I am self-employed/I am a ‘gig worker – can I claim SSP?

If you are self-employed and you are sick or have to self-isolate, you will be eligible to access Universal Credit at a rate equivalent to SSP for employees.

How much Universal Credit might I get?

How much you receive (called the UC Standard Allowance) depends on whether you are single or claiming as a couple. It also depends on your age.

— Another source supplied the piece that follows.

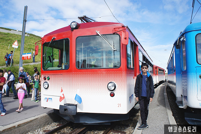 리기행 열차 앞에서 찰칵! 이 모든 탈 것이 스위스 패스가 있으면 OK다.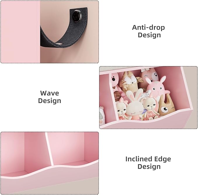 - 【Multi-Functional Storage】The toy storage cabinet equipped with 2 open shelves for favorite books and notebooks, 2 tilted bins for blocks and toy cars, and 3 removable drawers of varying sizes for art supplies or small toys, this organizer keeps children’s rooms tidy and clutter-free. Say goodbye to scattered toys and hello to organized fun.

There is one standard allowance for your household:

• Single claimant aged under 25: £251.77 per month

• Single claimant aged 25 or over: £317.82 per month

• Joint claimants both aged under 25: £395.20 per month

• Joint claimants either aged 25 or over: £498.89 per month

Please note: As from 6 April the Government are increasing the standard allowance in Universal Credit and the basic element in Working Tax Credit for 1 year. Both will increase by £20 per week (on top of planned annual uplifts).

This will apply to all new and existing Universal Credit claimants and to existing Working Tax Credit claimants.

However, you might also be eligible for 'additional elements' such as childcare or housing costs. You can obtain further information from the UC helpline: 0800 328 5644. You can also obtain advice from your local Welfare Rights Officer - they can be found working for your Local Authority or perhaps a Housing Association. The Citizens Advice Bureau is also a good source of information - they have people dedicated to assisting with UC claims: https://www.cas.org.uk/helptoclaim

Universal Credit is means tested and paid based on earnings – this means that it is calculated at the same rate regardless of whether you are a worker, self-employed or an employee.